▶ **What this task involves**:
Using the listing below, please print exactly the lines from the one with "时间复杂度主要来自对比关键字、移动元素若有 n个元素,则需要 n-1趟处理。" through the one with "Olyan fürdetésre alkalmas". Leave out every picture.

▶ **Data to use**:
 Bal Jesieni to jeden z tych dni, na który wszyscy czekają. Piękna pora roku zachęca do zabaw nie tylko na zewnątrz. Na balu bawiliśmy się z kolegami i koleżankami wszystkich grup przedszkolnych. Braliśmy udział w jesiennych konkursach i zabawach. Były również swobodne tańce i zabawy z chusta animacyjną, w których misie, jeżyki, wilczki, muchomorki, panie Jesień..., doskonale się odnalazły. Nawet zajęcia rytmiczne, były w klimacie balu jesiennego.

--

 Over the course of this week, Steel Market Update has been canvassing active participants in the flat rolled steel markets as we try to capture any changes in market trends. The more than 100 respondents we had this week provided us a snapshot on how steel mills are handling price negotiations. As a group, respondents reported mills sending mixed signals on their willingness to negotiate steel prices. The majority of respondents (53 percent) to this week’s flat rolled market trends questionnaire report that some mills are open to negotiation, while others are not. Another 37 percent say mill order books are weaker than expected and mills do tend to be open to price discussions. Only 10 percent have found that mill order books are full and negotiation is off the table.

* * *

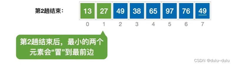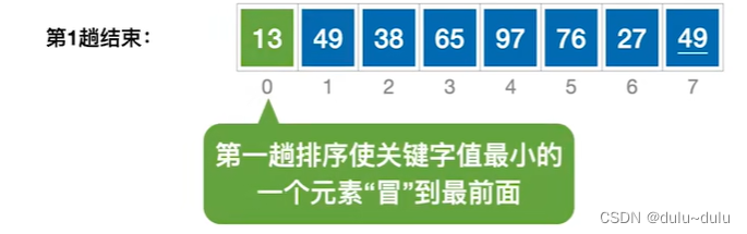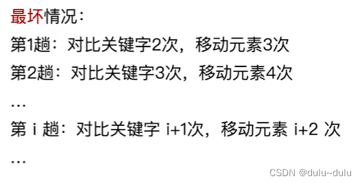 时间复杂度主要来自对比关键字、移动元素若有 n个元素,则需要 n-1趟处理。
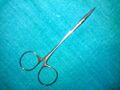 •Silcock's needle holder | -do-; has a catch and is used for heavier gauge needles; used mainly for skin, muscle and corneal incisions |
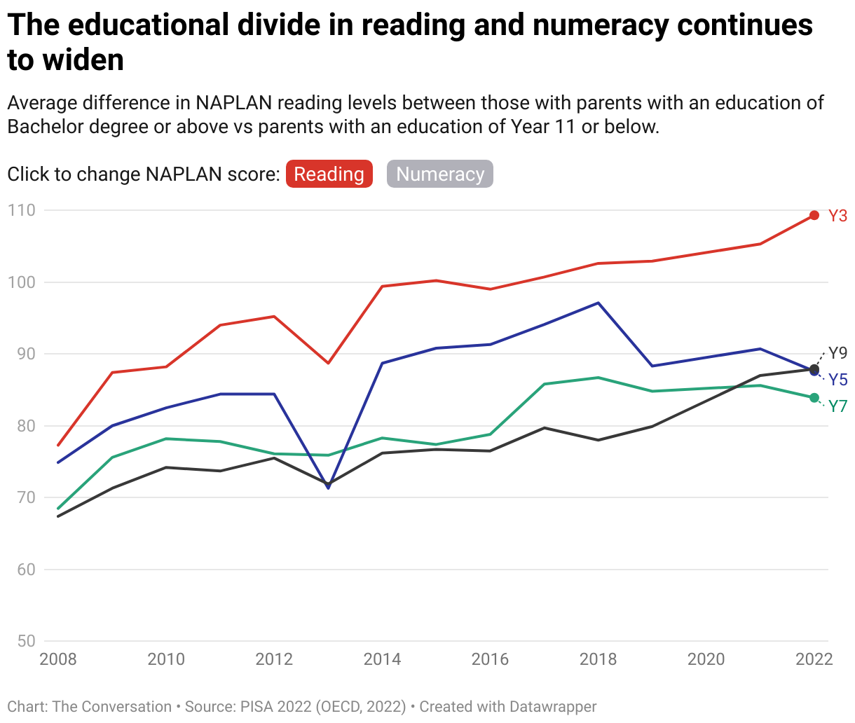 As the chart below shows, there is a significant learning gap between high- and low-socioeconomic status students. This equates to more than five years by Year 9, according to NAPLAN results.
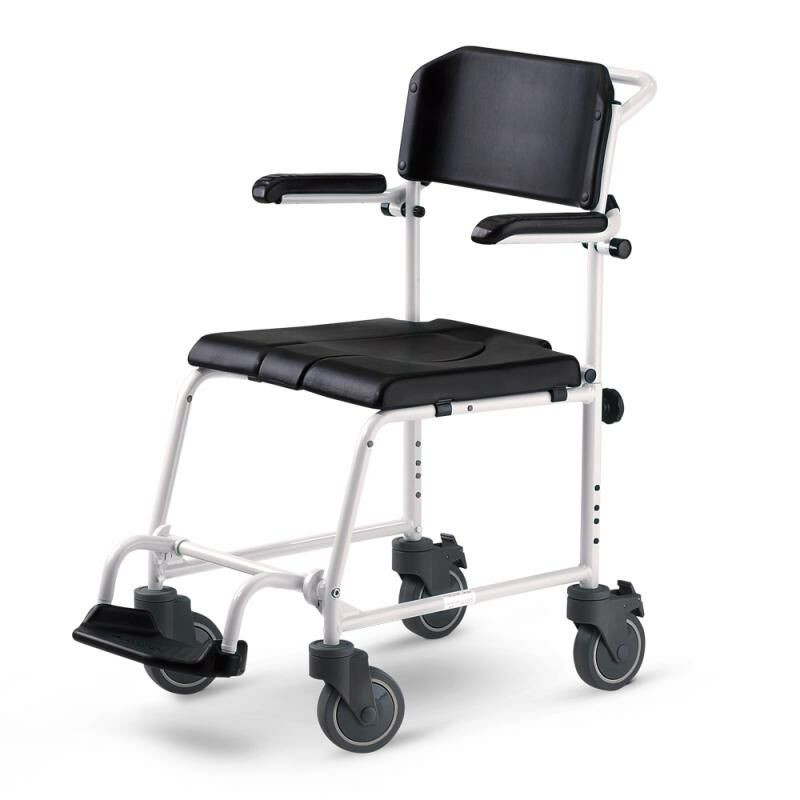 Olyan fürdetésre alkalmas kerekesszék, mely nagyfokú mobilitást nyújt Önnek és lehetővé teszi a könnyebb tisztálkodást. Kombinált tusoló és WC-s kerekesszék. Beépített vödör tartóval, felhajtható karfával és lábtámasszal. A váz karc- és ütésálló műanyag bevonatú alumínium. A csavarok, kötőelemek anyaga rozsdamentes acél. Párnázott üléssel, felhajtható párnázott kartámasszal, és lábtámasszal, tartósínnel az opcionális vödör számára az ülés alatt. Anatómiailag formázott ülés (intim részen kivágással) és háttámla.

▶ **Response area**:
 时间复杂度主要来自对比关键字、移动元素若有 n个元素,则需要 n-1趟处理。
 •Silcock's needle holder | -do-; has a catch and is used for heavier gauge needles; used mainly for skin, muscle and corneal incisions |
 As the chart below shows, there is a significant learning gap between high- and low-socioeconomic status students. This equates to more than five years by Year 9, according to NAPLAN results.
 Olyan fürdetésre alkalmas kerekesszék, mely nagyfokú mobilitást nyújt Önnek és lehetővé teszi a könnyebb tisztálkodást. Kombinált tusoló és WC-s kerekesszék. Beépített vödör tartóval, felhajtható karfával és lábtámasszal. A váz karc- és ütésálló műanyag bevonatú alumínium. A csavarok, kötőelemek anyaga rozsdamentes acél. Párnázott üléssel, felhajtható párnázott kartámasszal, és lábtámasszal, tartósínnel az opcionális vödör számára az ülés alatt. Anatómiailag formázott ülés (intim részen kivágással) és háttámla.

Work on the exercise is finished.